Конца фразы человек у мольберта не расслышал, так как громовой удар прокатился над крышей, разбудил эхо в ущелье, вернулся вместе с ним к дому, бесцеремонно вмешавшись в разговор.

– Что это за грохот? – спросил художник.

Трихвостень чиркнул спичкой, прикурил сигарету, затянулся, задержал на секунду дыхание, выпустил дым, потом помахал рукой, отгоняя его прочь, и только тогда ответил:

– Да ничего. Дорогу прокладывают. Гору взрывают.

Он убрал спички и сигареты в карман и, возвращаясь к своему рассказу, хмыкнул:

– Протест выражал! – Покачал головой, помолчал немного, заговорил вновь: – Тут такой народ… Деревенщина узколобая… Только и знают ворчать и брюзжать.

Художник накладывал краски на холст. Трихвостень поднялся, оперся на трость и опять мотнул головой, на этот раз весьма решительно.

– Да тут, если не вмешаться, никогда и ничего не произойдет…

Теперь, когда он стоял посреди комнаты, его голос многократно отражался от круглых стен и потолка. Художник был по-прежнему погружен в свою работу. Трихвостень говорил:

– Человек должен действовать. Заниматься делом. Какое бы оно ни было. Вот взять хотя бы твою живопись: ие будь тебя, и ее не было бы. Не будь меня или не будь мы с тобой друзьями-приятелями, этот заказ не попал бы тебе в руки. И даже при том, что мы с тобой знакомы, если бы мне не пришло в голову заказать портрет этого господина и его жены, опять-таки ничего бы не получилось, никто бы не догадался вызвать тебя.

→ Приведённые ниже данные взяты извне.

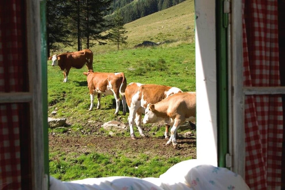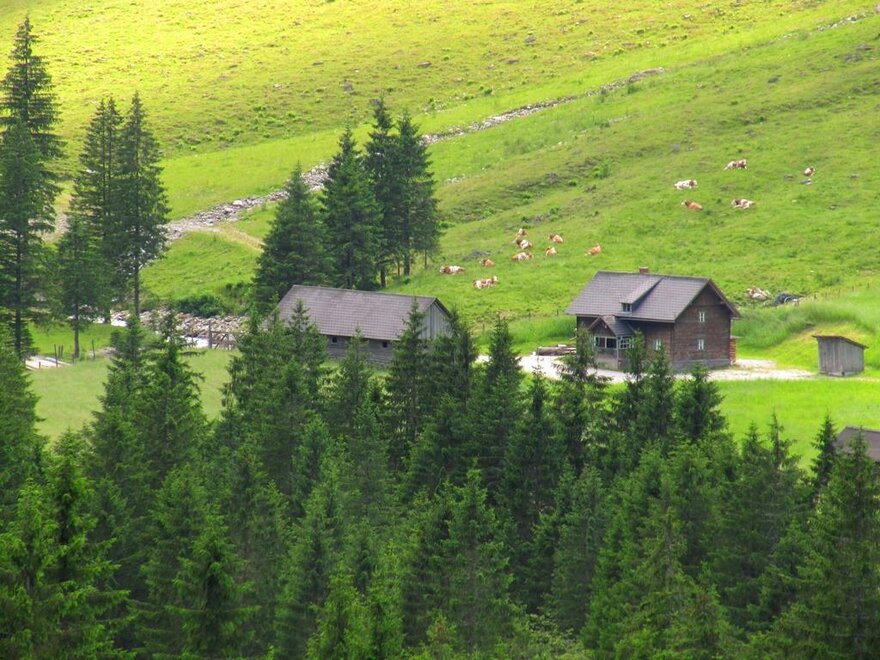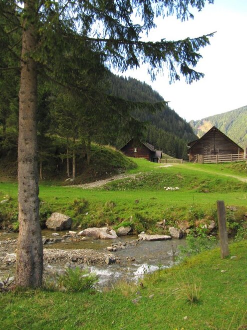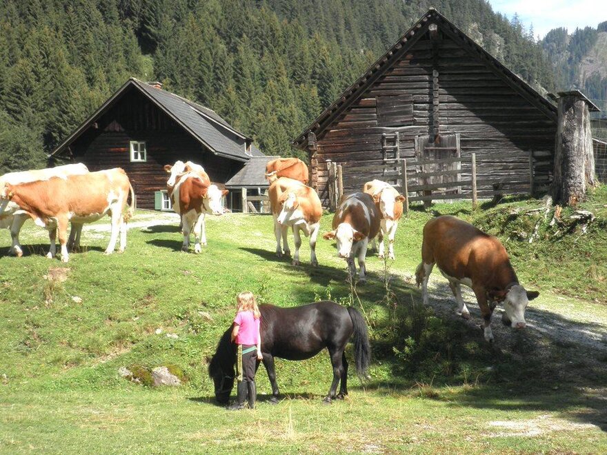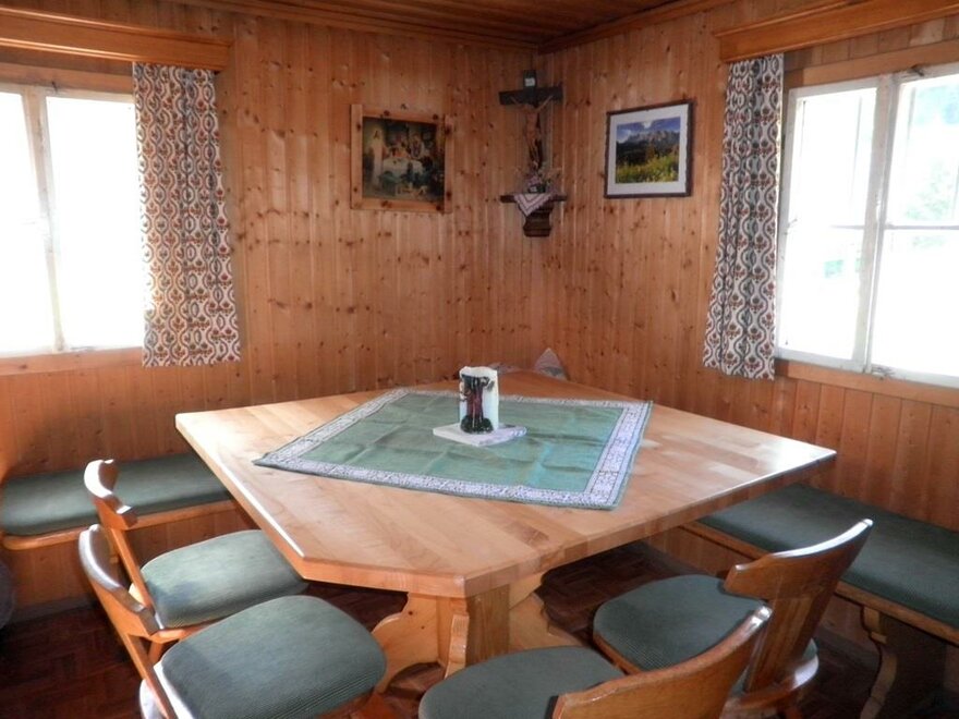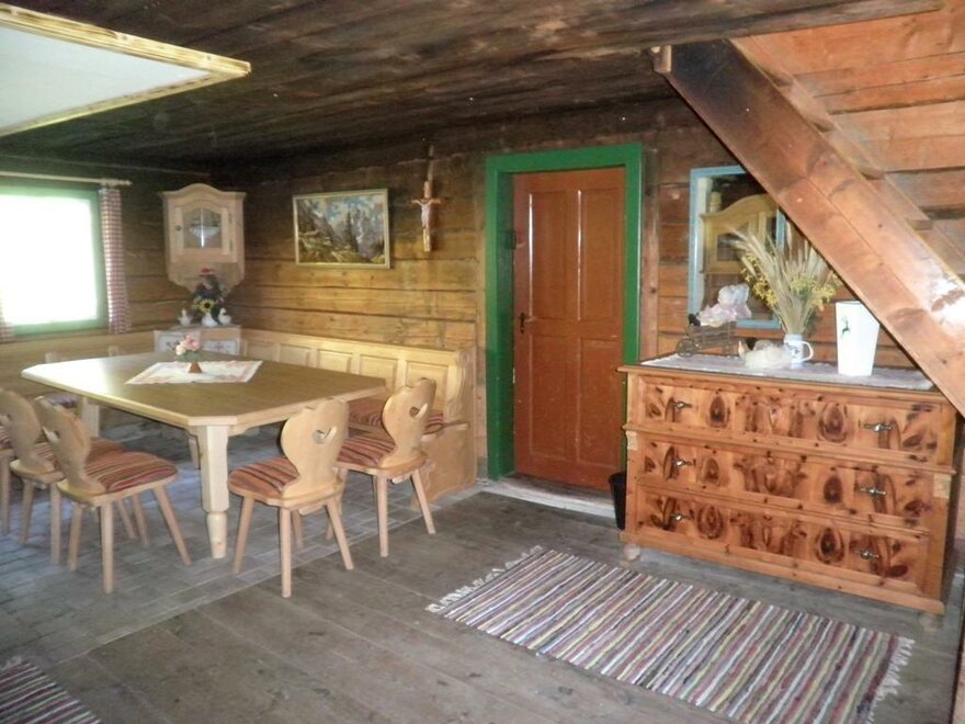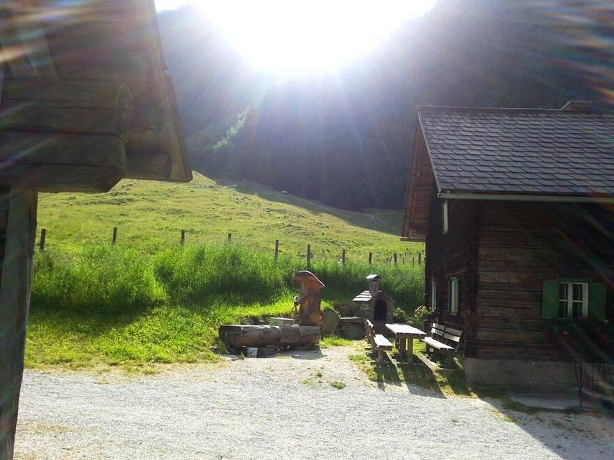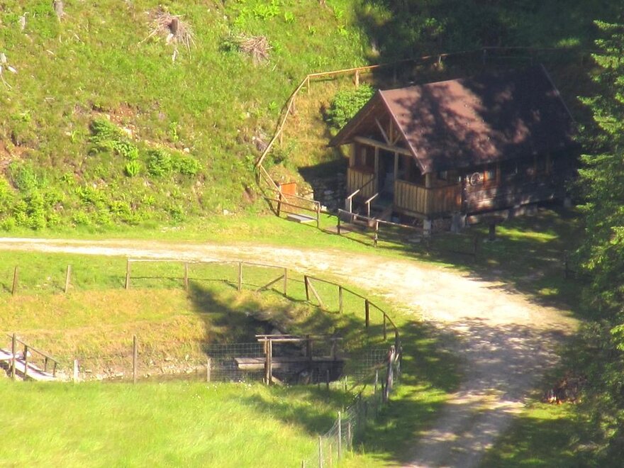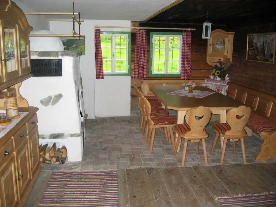 Our self-catering chalet Potzalm is located in silent secluded location, 1100 m above the sea. Beside the chalet proceeds a stream and there is a fishpond. The Potzalm disposes about four bedroom and 13 beds, these include a quad room with two double beds, a double room, a triple room with a double and single bed and a room with four single beds. The kitchen includes a wood-burning stove. The cosy lounge with a tiled stove is the ideal location for being together. Cell phone receipt and electric current is not available on the Potzalm, but 2 km valley away there is A1 mobile reception. There is no fluent cold and hot water, but outside the hut is a fountain. Pets are welcome at the Potzalm.

Оторвавшись от картины, художник хотел было оглянуться на говорившего, однако передумал и вновь погрузился в работу. Но его движение не укрылось от Трихвостня, который разгадал ход его мыслей и быстро поправился:

– Пойми меня правильно. Я веду к тому, что дело зиждется на действии. Человек должен предпринимать что-то, действовать, браться за дело. Ну какой прок от лени да от нытья? Дело – оно само за себя говорит, зачем на жалобы время терять?

Все так же опираясь на трость, он подошел к мольберту, глянул через плечо художника и продолжал:

– Когда мы тут строительство вели, заявились как-то ночью деревенские озорники и давай мочиться на цемент и алебастр. Со зла. Некому было их спросить: что у вас – с почками неладно? Но даже если и так – при чем здесь поставщики цемента и алебастра, которым придется расплачиваться за испорченный материал? – И он пристукнул тростью по полу, который отозвался резким треском.

Художник, по-прежнему нанося краску на полотно, спросил:

– Ну и что же ты предпринял, чтобы это не повторилось?

Выпустив очередную порцию дыма, Трихвостень ответил:

– Ну, если бы так случилось, я бы посоветовал им употреблять пиво – хорошо мочу гонит. Пусть облегчаются. Коли приспичило мочиться – на здоровье! Да только какой в этом смысл?

Художник, не оборачиваясь, проговорил:

– А в этой башне какой смысл? – и ткнул кистью в картину, которую писал.

Картина изображала гору, степь, ущелье и деревушку с возвышавшимся над ней зданием – башней с двумя шарообразными пристройками. На переднем плане расположились жених и невеста в свадебных нарядах – очень крупные, выпирающие из окружающего ландшафта. Почва под их ногами была вся в трещинах, будто высохшая жидкая глина. Художник написал ее так, словно это была тонкая корка, едва прикрывающая пустоту. По рисунку картина была очень точной и реалистичной, но композиция и манера письма отражали авторский выбор, его отношение к предмету. Художник этот в своих работах всегда сохранял власть над материалом, умел показать свой подход к нему. Любой предмет, любой человек, изображенные на его полотнах в полном соответствии с их индивидуальными чертами, приобретали, благодаря манере письма и тщательно продуманному фону, значение типических характеров, которые действительно существовали в жизни или по крайней мере существовали в его глазах. На самом же деле он отторгал от реальных предметов, будь то гора, будь то человек, их привычную форму и наделял их иным обличьем, придавал им остраненную выразительность, дабы при помощи остраненности разрушить присущий им вид, слишком знакомый образ, ведь обычные формы и воспринимаются как нечто обыденное, мешают истинному пониманию. Он придавал изображаемым предметам иные черты, чтобы эта незнакомая внешность подтолкнула зрителя к тому узнаванию, которого художник добивался, направила его на ту внутреннюю сущность, которую художник уже разглядел. Он корпел над соединением или разделением двух объектов, чтобы лучше выявить их принципиальную близость или отдаленность друг от друга. Он хотел создавать не копию действительности, а ее программу, проспект. Не печатать по трафарету, а изготовлять сам трафарет – вот что было его целью. Перетасовывая внешние признаки, он обнажал внутреннюю природу. Это был один из приемов его работы. Спросив «А какой смысл в башне» и ткнув в изображение башни на холсте, он продолжал:

– Быть может, для них это просто способ жить. Всяк по-своему осуществляет жизнедеятельность. Они – извергая мочу на стройматериалы, вы – воздвигая башни.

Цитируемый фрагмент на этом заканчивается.